المرصد السوري لحقوق الانسان
The Syrian Observatory For Human Rights

The Syrian refugee crisis might be permanent for Turkey

About 78 percent of Turkey’s 1.8 million Syrian refugees may have no intent of returning home even if war were to end, according to new survey, covering 375 who were lucky enough to be staying in a refugee camp.
 
 Turkey is host to a growing number of Syrian refugees crossing over the border, which has now totaled 2 million since the beginning Syrian civil war in 2011 with the uprising against the regime, and the subsequent sweeping invasions of the Islamic State of Iraq and the Levant (ISIL).Particularly ISIL’s eventually doomed siege of the Syrian Kurdish Kobani caused a mass influx into Turkey’s Suruç town of Şanlıurfa, right across the border, starting in late 2014.
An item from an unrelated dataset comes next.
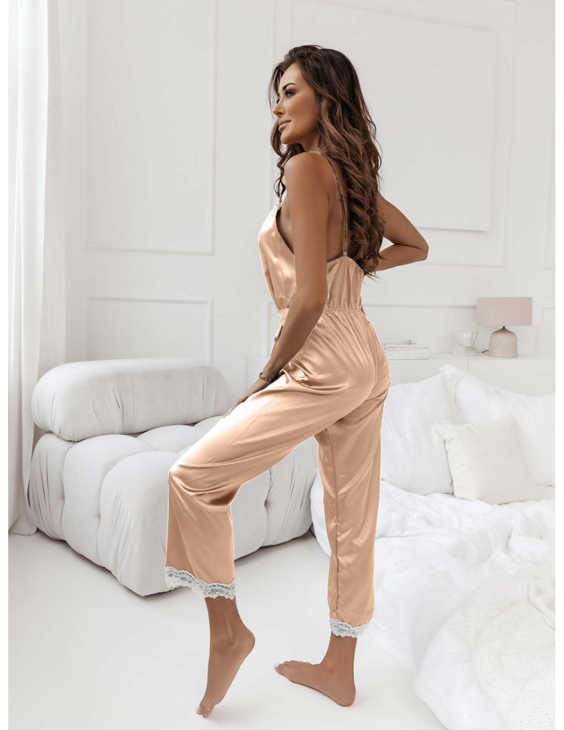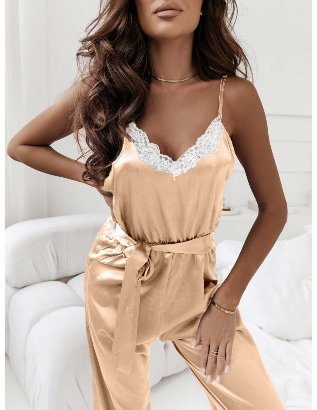 Satynowa piżama kombinezon KILIJA - beżowa

Currently only 11 percent of the 1.8 million refugees are being accommodated in refugee camps. The vast number of the refugees have searched for a better life in metropolises, going as far as Istanbul.

40 percent of the refugees surveyed have stated that they had entered Tukey in the past six months while 30 percent had been in Suruç for over a year.

In spite of the difficulties they are suffering, 78 percent of the Syrian refugees surveyed have stated that, even if they had the option, they would not want to move back to Syria, while 16 percent expressing they dream of going to Europe.